In some embodiments, the heteromultimers can be produced by a process in which host cells (e.g., Chinese hamster ovary cells) that contain one or more nucleic acid sequences encoding a first heterodimer (that binds DLL3) and/or a second heterodimer (that binds CD3) described herein are cultured under conditions that allow expression of the heteromultimer, and the expressed heteromultimer is then recovered from the cell culture.

Methods of Inhibiting DLL3-Expressing Cancer The present disclosure also provides a method of inhibiting proliferation of DLL3-expressing cancer cells, comprising contacting a population of DLL3-expressing cancer cells and CD3-expressing T cells with an effective amount of a heteromultimer, or a composition comprising the heteromultimer, as described above. In some embodiments, the population of DLL3-expressing cancer cells and CD3-expressing T cells may be contacted with the heteromultimer, or a composition comprising the same, ex vivo, in vivo, or in vitro. "Ex vivo" refers to methods performed in or on cells or tissues in an artificial environment outside of an organism, with minimal modification of natural conditions. In contrast, the term "in vivo" refers to methods performed within an organism in its normal, intact state, while "in vitro" methods are performed with components of an organism that have been isolated from the organism's usual biological context.

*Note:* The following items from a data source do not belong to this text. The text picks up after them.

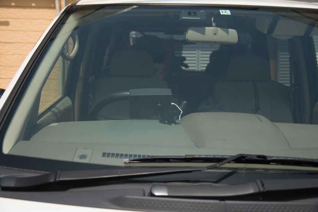 外から見ても運転席から見ても、iPhoneに直射日光は当たらずに良い感じに日陰ができた。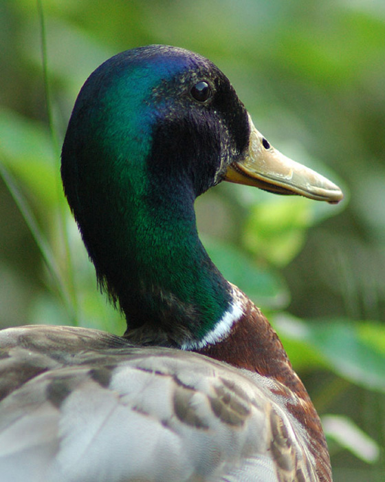The male mallard has a green head and neck with a white ring at the bottom of its neck. It has a brown chest, whitish-gray undersides, brown wings, and a yellow bill.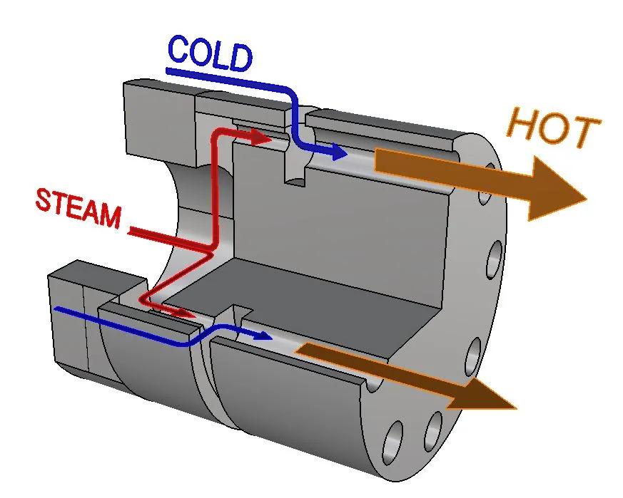 Direct steam injection heating systems are designed to inject steam directly into a product to be heated, usually tanks of water or process liquids. However if not designed and installed correctly, direct steam injection systems nearly always result in unacceptable noise and vibration. Historically, handmade sparge pipes were used to complete the task. Modern day technology has resulted in more compact, more efficient designs in various sizes that are easy to install and ensure quiet and efficient heating of the product. These are commonly reffered to as Noiselss Heaters, Steam Injectors or Silent Water Heaters (they are all the same thing).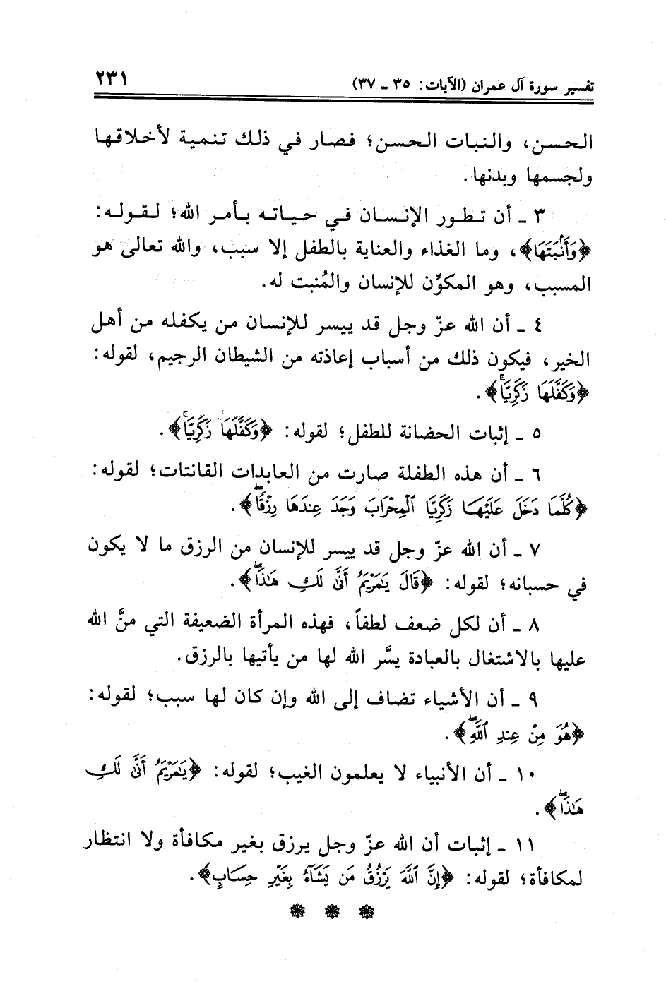 ١١ - إثبات أن الله عزّ وجل يرزق بغير مكافأة ولا انتظار لمكافأة؛ لقوله: {إِنَّ اللَّهَ يَرْزُقُ مَنْ يَشَاءُ بِغَيْرِ حِسَابٍ}.
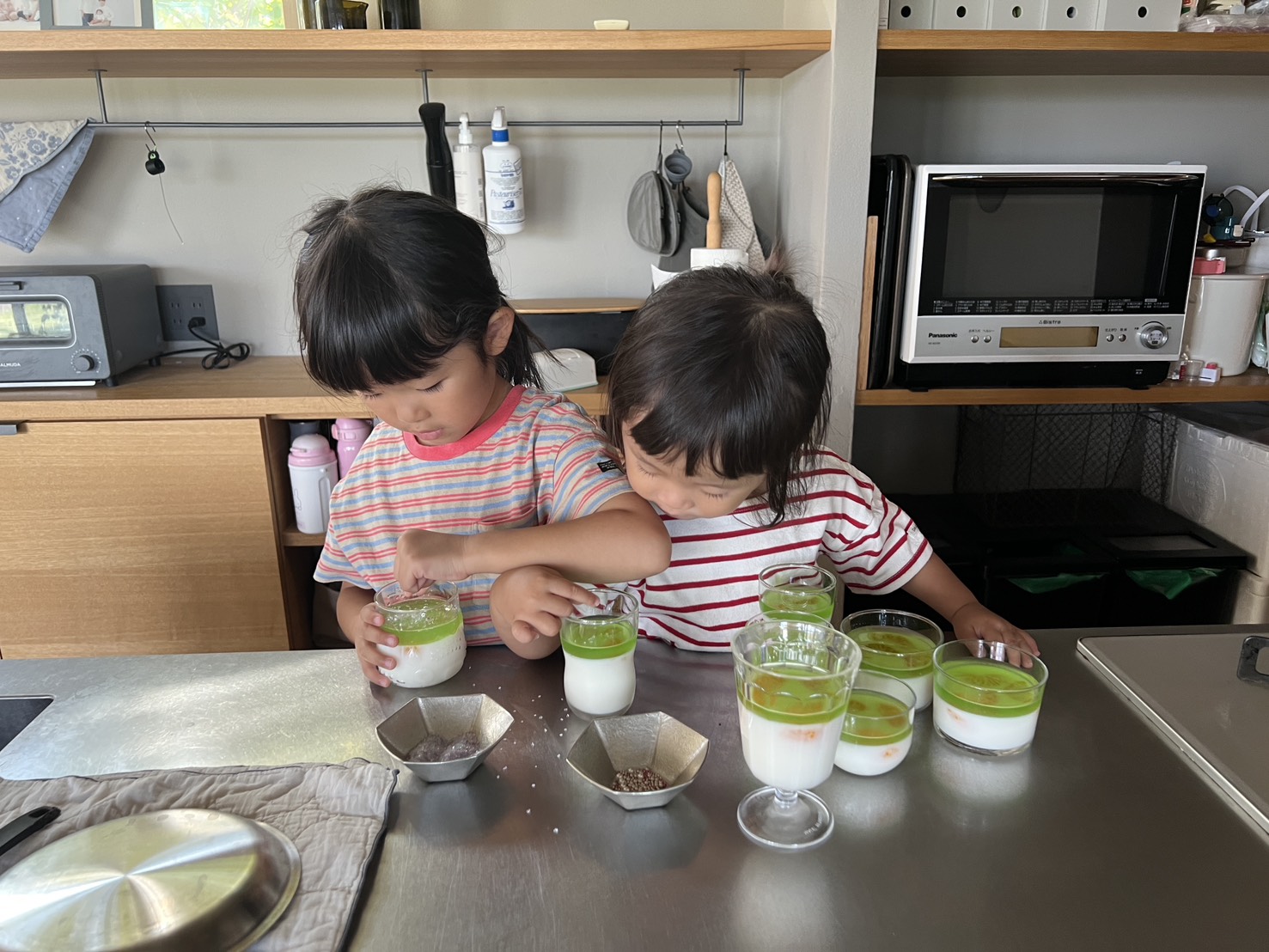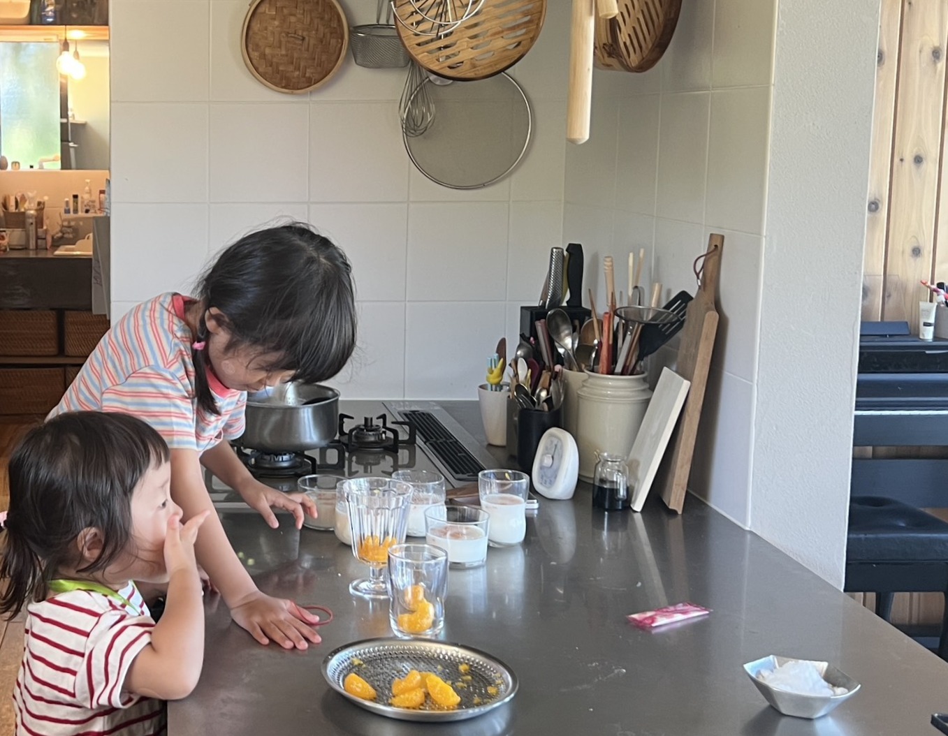 寒天を持ち合わせておらず家にあった粉ゼラチンで代用してまずはミカン入りの牛乳寒天づくり。長女は真面目で伝えた作業をもくもくとこなしていきます。次女はそんなお姉ちゃんの背後で興味のあるものへまっしぐら。

For any of the methods of treating cancer cells described herein, the cancer cells desirably express DLL3 on the cell surface. In some aspects, cell surface expression of DLL3 protein may be determined by immunohistochemistry (IHC) or positron emission tomography (PET). For example, at least 5% (e.g., 5%, 10%, or 20%) of the cells of the cancer may be positive for DLL3 as determined by IHC. Any suitable IHC assay for determining DLL3 protein expression may be used in conjunction with the present disclosure. Desirably, the IHC assay is approved by a regulatory agency, such as the U.S. Food and Drug Association (FDA) or the European Medicines Agency (EMA). DLL3-specific IHC assays, and components thereof, are known in the art and are commercially available from a variety of sources. For example, DLL3 expression in cancer or tumor cells can be detected using the VENTANA® DLL3 (SP347) Assay (Roche Diagnostics, GmbH, Mannheim, Germany). Other anti-DLL3 antibodies that can be used to detect DLL3 expression in an IHC assay include, but are not limited to, NBP2-24669 (Novus Biological, Littleton, Calif.); PA5-26336 (Thermo Fisher Scientific, Waltham, Mass.); and ab229902 (Abcam, Cambridge, Mass.). An exemplary PET assay for determining DLL protein expression is described in Chou et al. , Cancer Res (2023) 83(2): 301-315; Sharma et al., Cancer Res. 2017 July 15; 77(14): 3931-3941. Doi: 10.1158/0008-5472. CAN-17-0299; and Poirier, J. T., Journal of Thoracic Oncology Vol. 15 No. 2S (2020). Expression of DLL3 mRNA can be determined using methods known in the art, such as flow cytometry-based methods, polymerase chain reaction (PCR) analysis, sequencing analysis (e.g., RNA sequencing), electrophoretic analysis, restriction fragment length polymorphism (RFLP) analysis, Northern blot analysis, quantitative PCR, reverse transcriptase-PCR analysis (RT-PCR), etc.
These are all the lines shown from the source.